__Exercise description__
For this exercise, write out each entry below exactly, omitting the images.

__Exercise data__
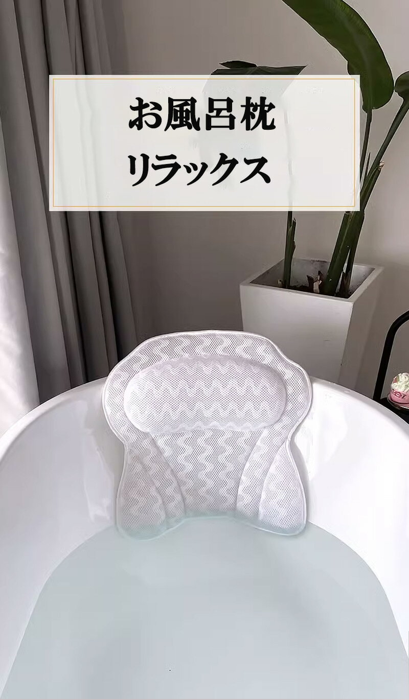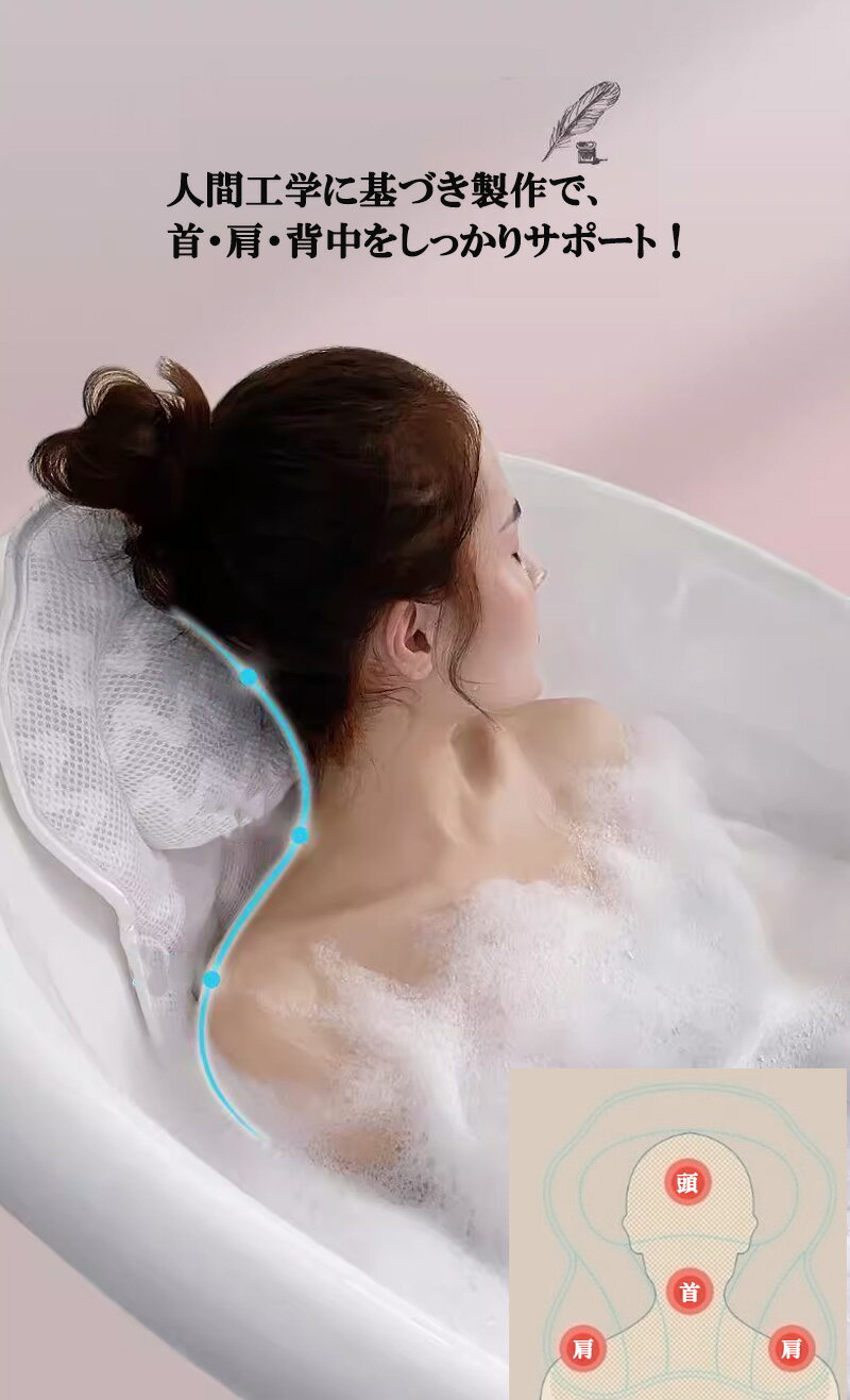 【ランキング3位 6回獲得】お風呂 枕 まくら バスピロー バスマクラ 吸盤接着タイプ 滑り止め リラックス 負担軽減 血行促進 睡眠の質の向上 浴槽 おしゃれ 肩こり クッション バス グッズ 男女兼用 nk1187
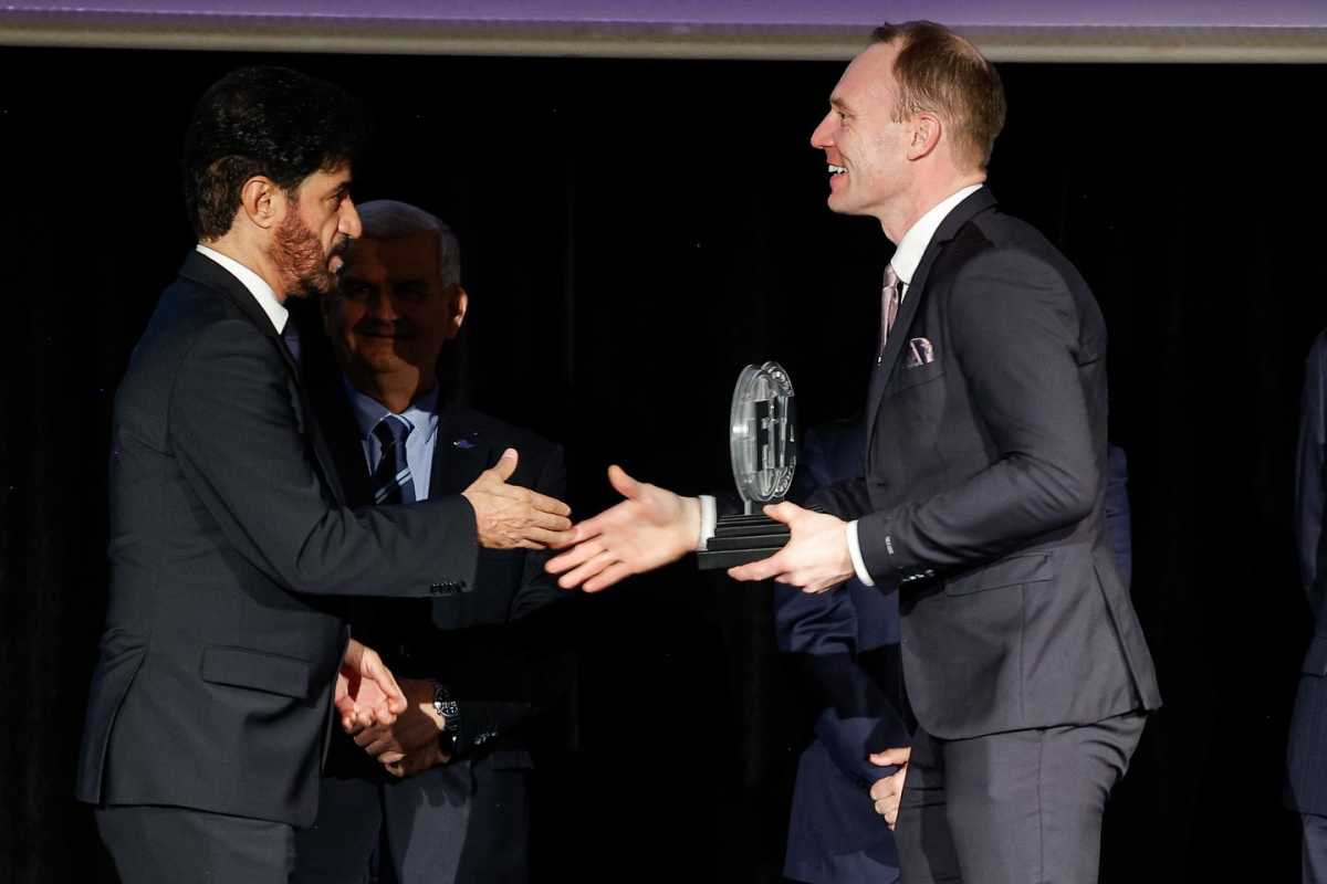 Honrado de recibir el trofeo del Campeonato Histórico de Europa de Rally en la ceremonia de los Premios Históricos de la FIA en París
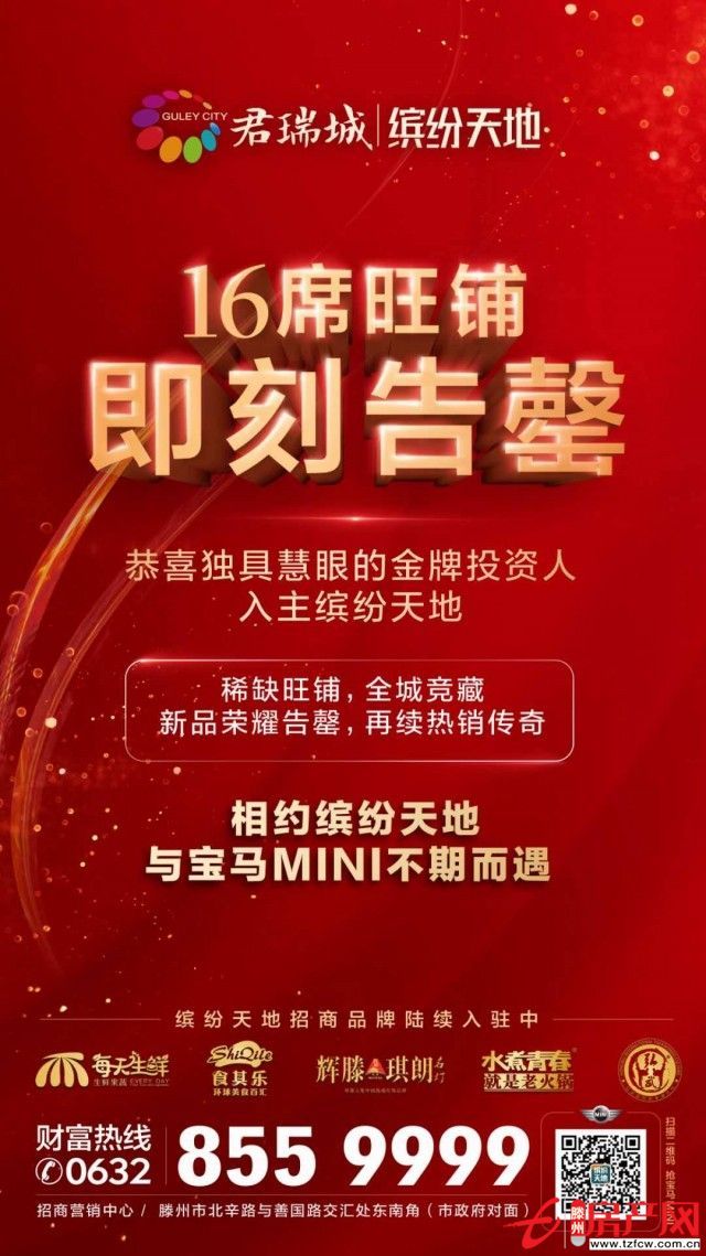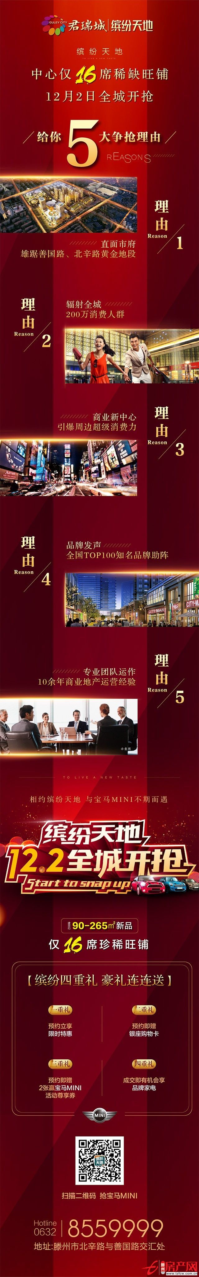 滕州房產網 2017-12-01君瑞城繽紛天地中心僅16席旺鋪稀缺地段一鋪難求專業商管聚財無憂距離全城開搶還有2天好鋪不等人...
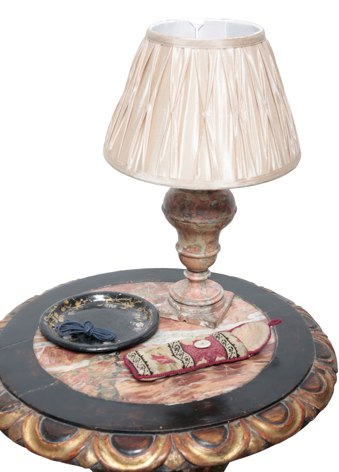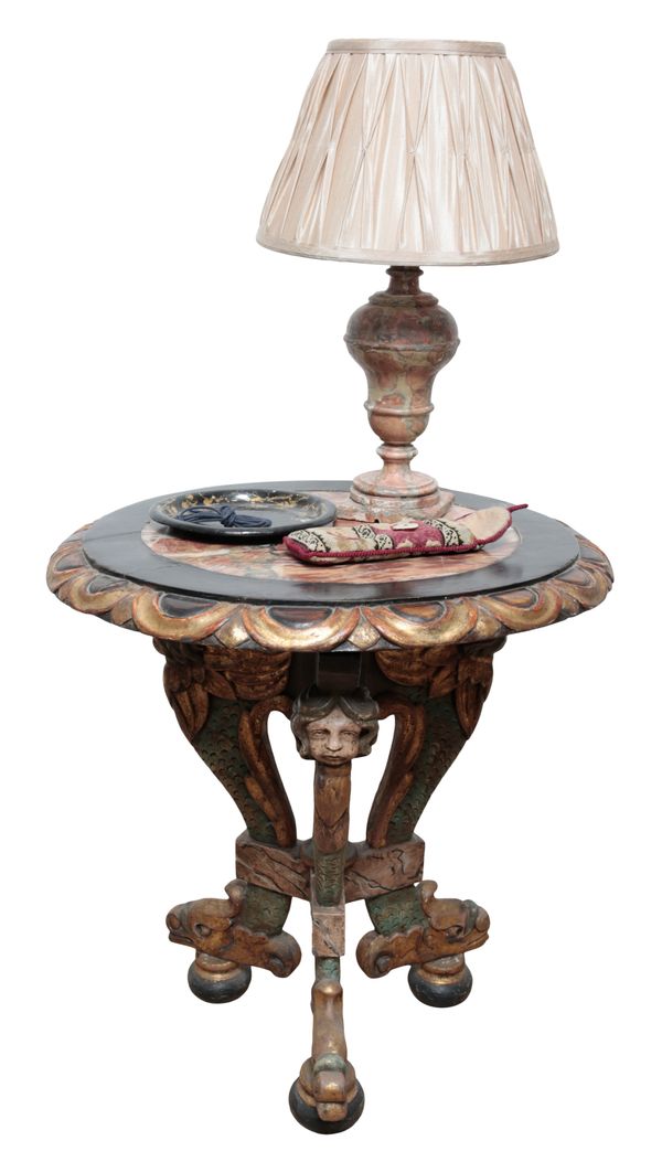 of Venetian baroque style, the top inset with red-veined marble slab, with ebonised and gilded lappet rim, on triple mermaid caryatid supports with dolphin toes, on flattened ball feet, 62cm high x 60cm diameter; together with a faux marble painted wood baluster-shaped electric table lamp, with shade, 49cm high; a papier-mâché circular tray; a needlework spectacle case;
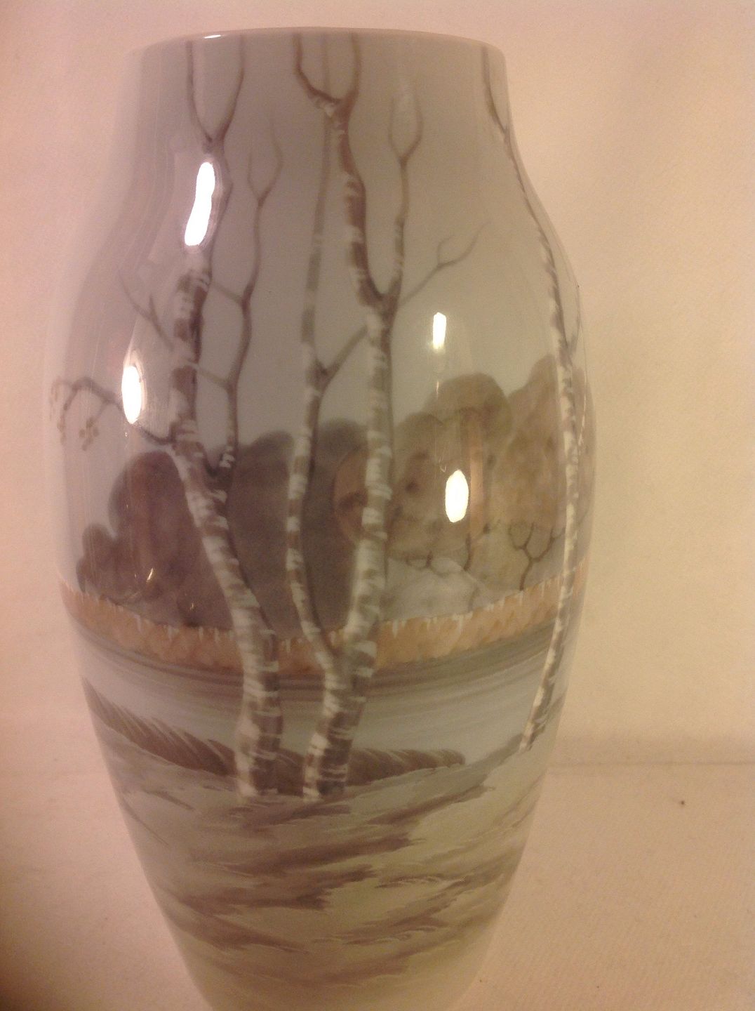Vase med landskab og birketræer.
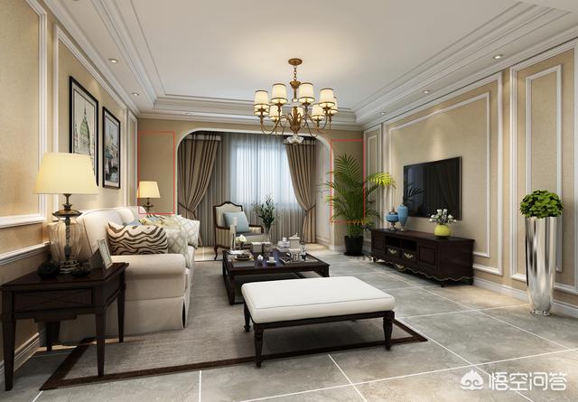 客厅与阳台之间的垭口墙垛,一般留40-70厘米左右宽即可,主要用于安装暖气片,挂窗帘,方便在阳台做柜子。这个尺寸根据客厅阳台的开间来确定,客厅开间比较宽,一般留的墙垛相对也要宽一些,左右最好宽度一样,这样好看一些。
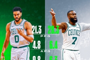 期間,杰倫·布朗場均數(shù)據(jù)28.3分6.3籃板6.4助攻,投籃命中率45.5%,三分32.2%。
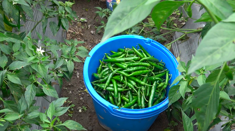 Farmers move through the rows, carefully plucking fresh green chillies and filling their buckets. They sort and prepare the produce for the market.
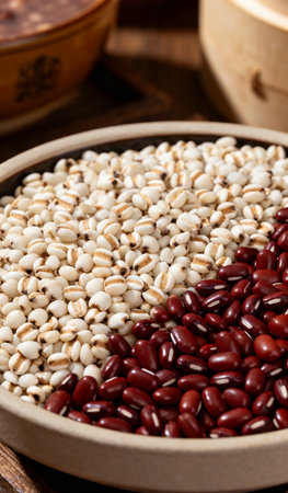 raw beans in a cup on the background
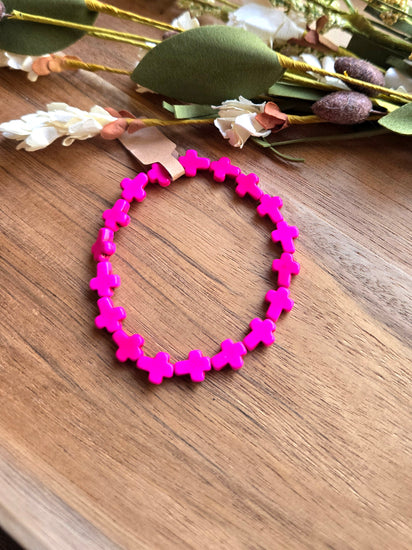 Make a statement of faith that can’t be missed — this bracelet features a full strand of neon pink cross beads for a fun, fearless, and joy-filled style. Bold color meets bold faith, making this the perfect piece for anyone who loves to shine bright for Jesus!
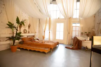В зале Mono вы найдете минималистичную интерьерную локацию с имитацией спальни: матрас с белым постельным бельем, небольшой рабочий столик, лампу-торшер с круглыми плафонами. Забронировать...
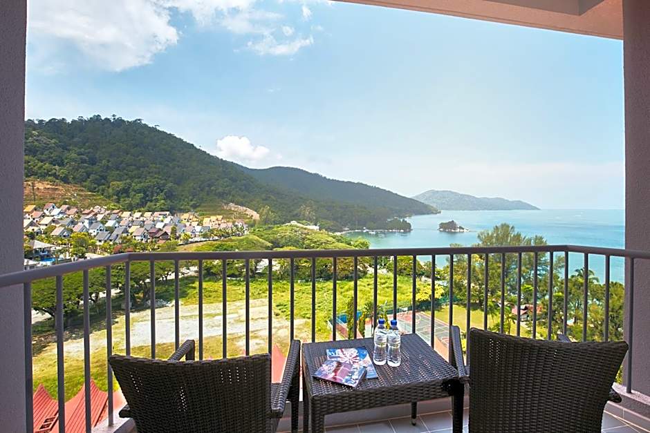Perched along Batu Ferringhi Beach, this 4-star retreat blends seaside scenery with mountain views and landscaped gardens. Upper floors are accessible by elevator, and balconies invite lazy mornings with a salty breeze. An outdoor pool and a separate kids’ pool provide splash-ready fun, while en-suite touches such as a bidet, bathtub, and free toiletries add a touch of comfort.

__Result below__
 【ランキング3位 6回獲得】お風呂 枕 まくら バスピロー バスマクラ 吸盤接着タイプ 滑り止め リラックス 負担軽減 血行促進 睡眠の質の向上 浴槽 おしゃれ 肩こり クッション バス グッズ 男女兼用 nk1187
 Honrado de recibir el trofeo del Campeonato Histórico de Europa de Rally en la ceremonia de los Premios Históricos de la FIA en París
 滕州房產網 2017-12-01君瑞城繽紛天地中心僅16席旺鋪稀缺地段一鋪難求專業商管聚財無憂距離全城開搶還有2天好鋪不等人...
 of Venetian baroque style, the top inset with red-veined marble slab, with ebonised and gilded lappet rim, on triple mermaid caryatid supports with dolphin toes, on flattened ball feet, 62cm high x 60cm diameter; together with a faux marble painted wood baluster-shaped electric table lamp, with shade, 49cm high; a papier-mâché circular tray; a needlework spectacle case;
Vase med landskab og birketræer.
 客厅与阳台之间的垭口墙垛,一般留40-70厘米左右宽即可,主要用于安装暖气片,挂窗帘,方便在阳台做柜子。这个尺寸根据客厅阳台的开间来确定,客厅开间比较宽,一般留的墙垛相对也要宽一些,左右最好宽度一样,这样好看一些。
 期間,杰倫·布朗場均數(shù)據(jù)28.3分6.3籃板6.4助攻,投籃命中率45.5%,三分32.2%。
 Farmers move through the rows, carefully plucking fresh green chillies and filling their buckets. They sort and prepare the produce for the market.
 raw beans in a cup on the background
 Make a statement of faith that can’t be missed — this bracelet features a full strand of neon pink cross beads for a fun, fearless, and joy-filled style. Bold color meets bold faith, making this the perfect piece for anyone who loves to shine bright for Jesus!
В зале Mono вы найдете минималистичную интерьерную локацию с имитацией спальни: матрас с белым постельным бельем, небольшой рабочий столик, лампу-торшер с круглыми плафонами. Забронировать...
Perched along Batu Ferringhi Beach, this 4-star retreat blends seaside scenery with mountain views and landscaped gardens. Upper floors are accessible by elevator, and balconies invite lazy mornings with a salty breeze. An outdoor pool and a separate kids’ pool provide splash-ready fun, while en-suite touches such as a bidet, bathtub, and free toiletries add a touch of comfort.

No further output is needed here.